** HOW TO COMPLETE THIS TASK **
For the data below, restate word for word only the lines from the line containing "Note: The filter" through the line containing "BOXガチャのチケが今回の報", both ends included.

** PROVIDED ENTRIES **
※ ※ ※
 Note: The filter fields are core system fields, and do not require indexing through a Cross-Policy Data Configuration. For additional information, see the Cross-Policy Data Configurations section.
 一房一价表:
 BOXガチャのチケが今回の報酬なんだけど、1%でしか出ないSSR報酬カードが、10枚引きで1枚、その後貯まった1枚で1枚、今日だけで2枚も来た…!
※ ※ ※
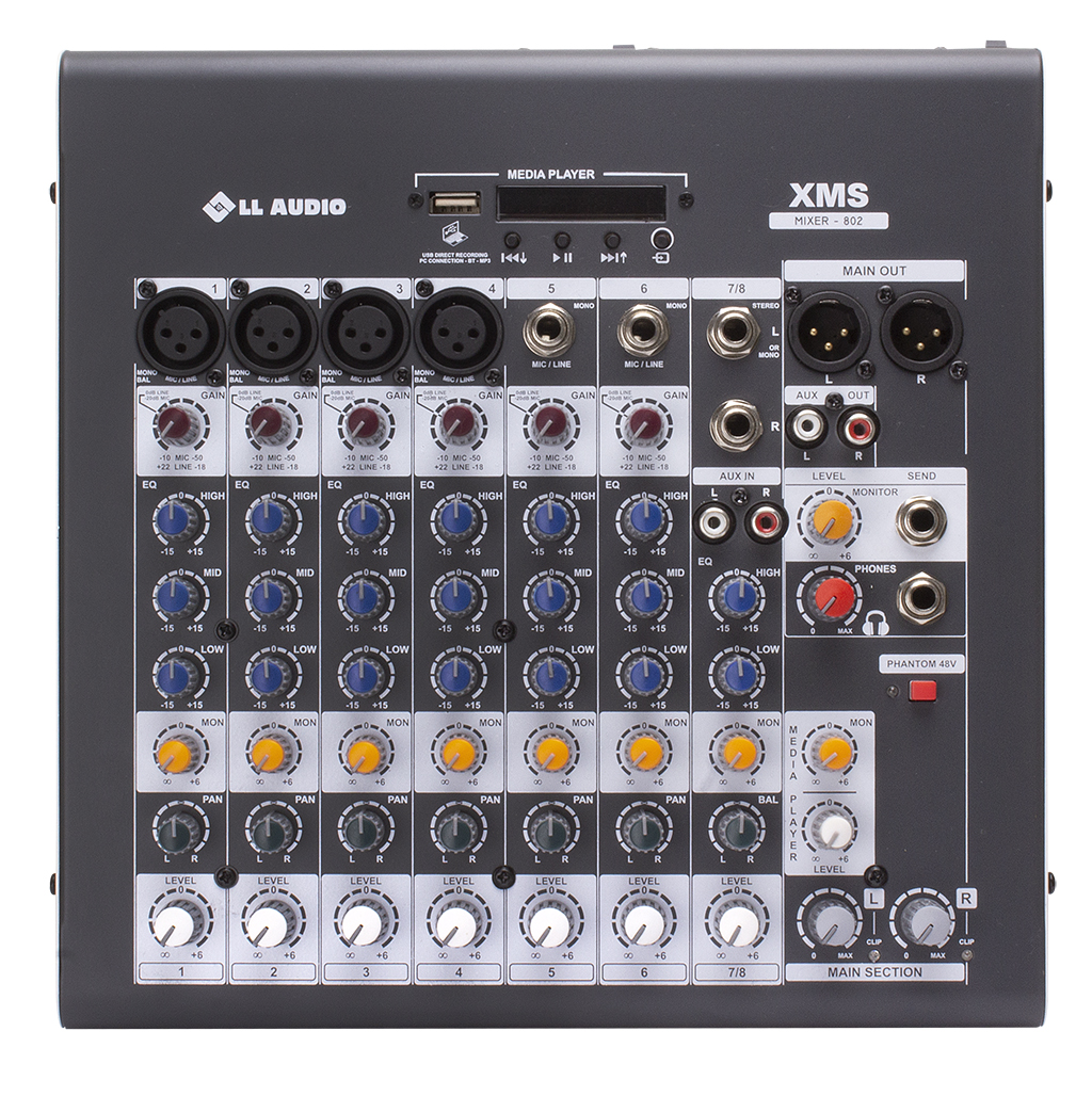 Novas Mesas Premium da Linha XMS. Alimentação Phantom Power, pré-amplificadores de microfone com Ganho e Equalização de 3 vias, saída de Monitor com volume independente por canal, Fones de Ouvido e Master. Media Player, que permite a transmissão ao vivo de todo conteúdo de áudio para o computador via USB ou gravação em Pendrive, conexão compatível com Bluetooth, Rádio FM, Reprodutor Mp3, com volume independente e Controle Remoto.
※ ※ ※
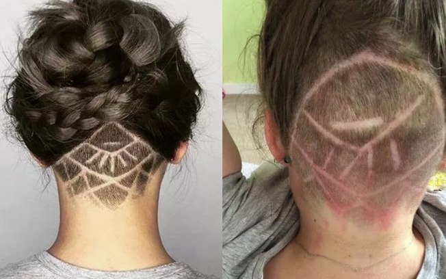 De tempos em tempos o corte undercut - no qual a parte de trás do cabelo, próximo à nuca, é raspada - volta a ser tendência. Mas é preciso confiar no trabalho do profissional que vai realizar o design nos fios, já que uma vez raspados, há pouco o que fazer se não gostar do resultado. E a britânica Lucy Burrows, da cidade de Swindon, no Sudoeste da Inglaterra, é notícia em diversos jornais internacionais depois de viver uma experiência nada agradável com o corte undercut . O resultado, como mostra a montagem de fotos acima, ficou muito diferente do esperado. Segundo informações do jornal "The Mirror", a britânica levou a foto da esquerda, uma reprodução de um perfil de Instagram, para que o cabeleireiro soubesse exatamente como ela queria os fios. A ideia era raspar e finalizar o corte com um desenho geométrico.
※ ※ ※
** RESPONSE TO THE TASK **
 Note: The filter fields are core system fields, and do not require indexing through a Cross-Policy Data Configuration. For additional information, see the Cross-Policy Data Configurations section.
 一房一价表:
 BOXガチャのチケが今回の報酬なんだけど、1%でしか出ないSSR報酬カードが、10枚引きで1枚、その後貯まった1枚で1枚、今日だけで2枚も来た…!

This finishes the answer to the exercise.